I spent four days camping at Wakarusa music festival and listening to good music and I now know I want to create mad mad sweet music. The band is in development but I'm really excited about the whole concept of playing at a festival. Looking forward to getting onstage there next year. It's a goal, a thing to help me focus.
I like things that give me focus. I feel my talents can sometimes be one big creative blur and nothing really sticks out as being the thing, the magical be-all gift I can share with the world so I continue to explore them all and see what happens. I know I'm at the least very entertaining. Tomorrow night I get to perform at a variety show so I will get to talk and sing and hopefully I am not mistaken on my previous comment that I entertain. If all else fails, I got some dead baby jokes that are SURE to win over the crowd.
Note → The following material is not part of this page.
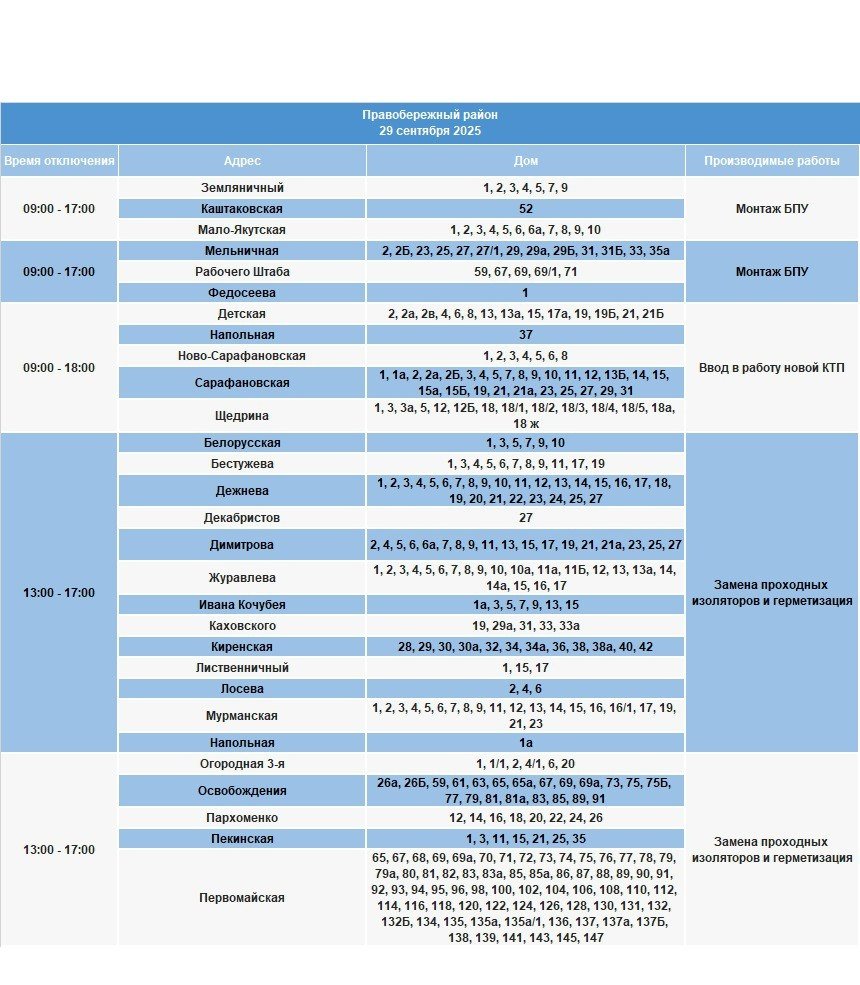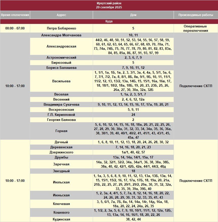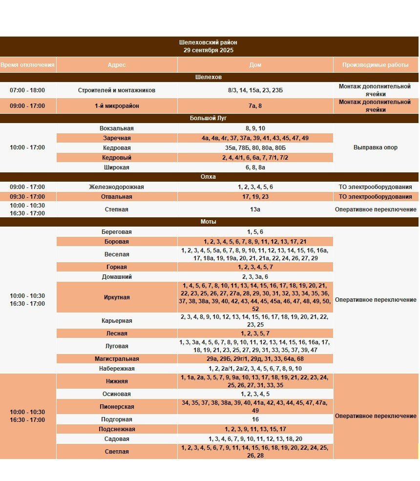 29 сентября частично отключат электричество в населенных пунктах Иркутской области. Как уточняют энергетики, электроснабжение будет ограничено в связи с проведением плановых работ на сетях, пишет ИА IrkutskMedia со ссылкой на тг-канал (18+) "СВЕТ38".
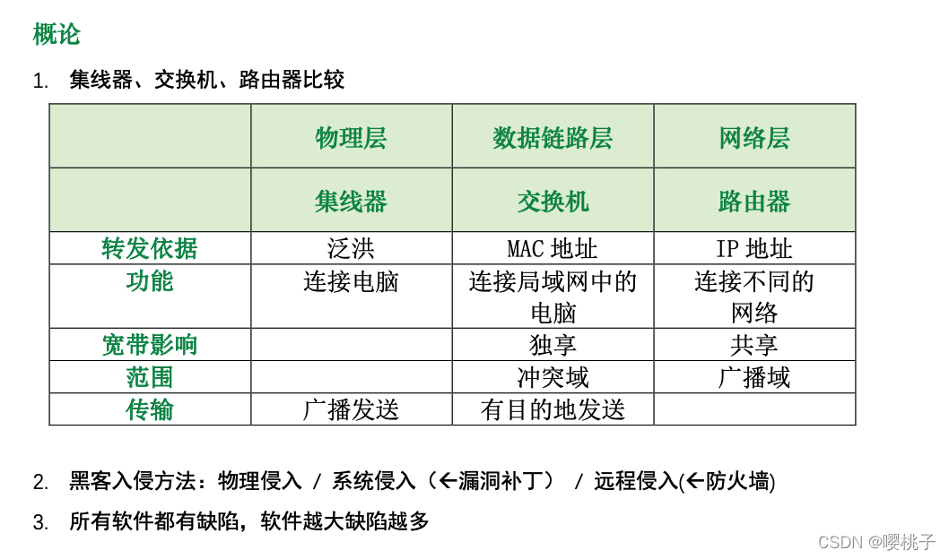 文章目录一、网络安全概述1.1 定义1.2 信息安全特性1.3 网络安全的威胁1.4 网络安全的特征二、入侵方式2.1 黑客2.1.1 入侵方法2.1.2 系统的威胁2.2 IP欺骗与防范2.2.1 TCP等IP欺骗基础知识2.2.2 IP欺骗可行的原因2.2.3 IP欺骗过程2.2.4 IP欺骗原理2.2.5 IP欺骗防范2.3 Sniffer 探测与防范2.3.1 Sniffer原理2.3.2 Sniffer防范回顾知识:交换机、路由器、集线器2.4 端口扫描技术2.4.1 原理2.4.2 分类2.4.

I decided to pull my improv troupe SuperOVUM out of hiding and start us playing out again. I feel really good about it. In fact, since I made the decision to start at it again I've felt better than I have in months. MONTHS. True, I had lost the will to lead for a while. My grandma died and I couldn't seem to motivate anyone. I didn't have motivation. Having been away from it and try to work on other projects I discovered that I like my vision and so do others. To be truthful, I was really encouraged by others to take up the directing reins again. I hemmed and hawed about it. Some beautiful souls kept reinerating to me how much they loved and grew under my direction. It finally sank in.
I'm also going to take a film class in the fall with another OVUM and so we can start creating on another powerful medium. I'm rubbing my hands together with glee.